The APPF Central Office data team, in cooperation with the Adelaide and Canberra nodes, recently completed its contribution to the Australian Research Data Commons (ARDC) Data Retention Program.
The goal of the Data Retention Program was to help NCRIS facilities and research organisations to manage their data collections more effectively. It involved reviewing existing datasets and making sure they utilised consistent international metadata standards – making them more findable and accessible for future users.
The multi-year project began in March 2021 and was supported by the ARDC as part of its initative to build a sustainable investment model for data collections of national significance, and in doing so support leading edge research.
ARDC program manager Max Wilkinson says the project contributed to a more consistent and effective national research infrastructure.

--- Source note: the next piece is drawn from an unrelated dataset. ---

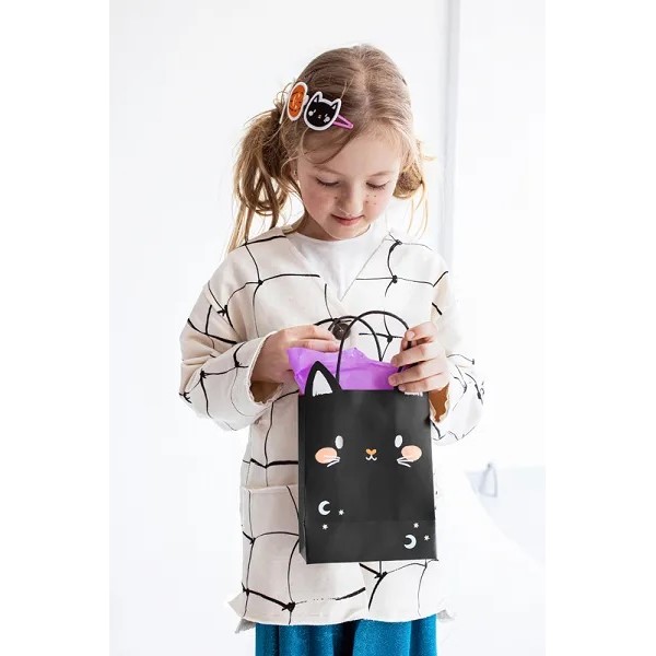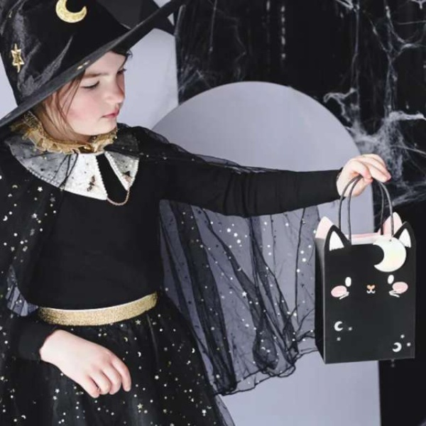 Dárková taška v černé barvě s barevným potiskem kočky a visačkou ve tvaru měsíce.

“By encouraging the use of standardised protocols and metadata, the ARDC is helping the research community adopt common data management and storage practices that promote and enable FAIR (findable, accessible, interoperable and reusable) principles”, he says.
“This helps researchers recognise and leverage the value of data collections of national significance in future projects.”
Of course, the project will help APPF maximise the value of our accumulated data too. Maintaining universally FAIR datasets means researchers working with APPF can leverage existing data to avoid duplication, streamline their experiments, and make new discoveries more efficiently.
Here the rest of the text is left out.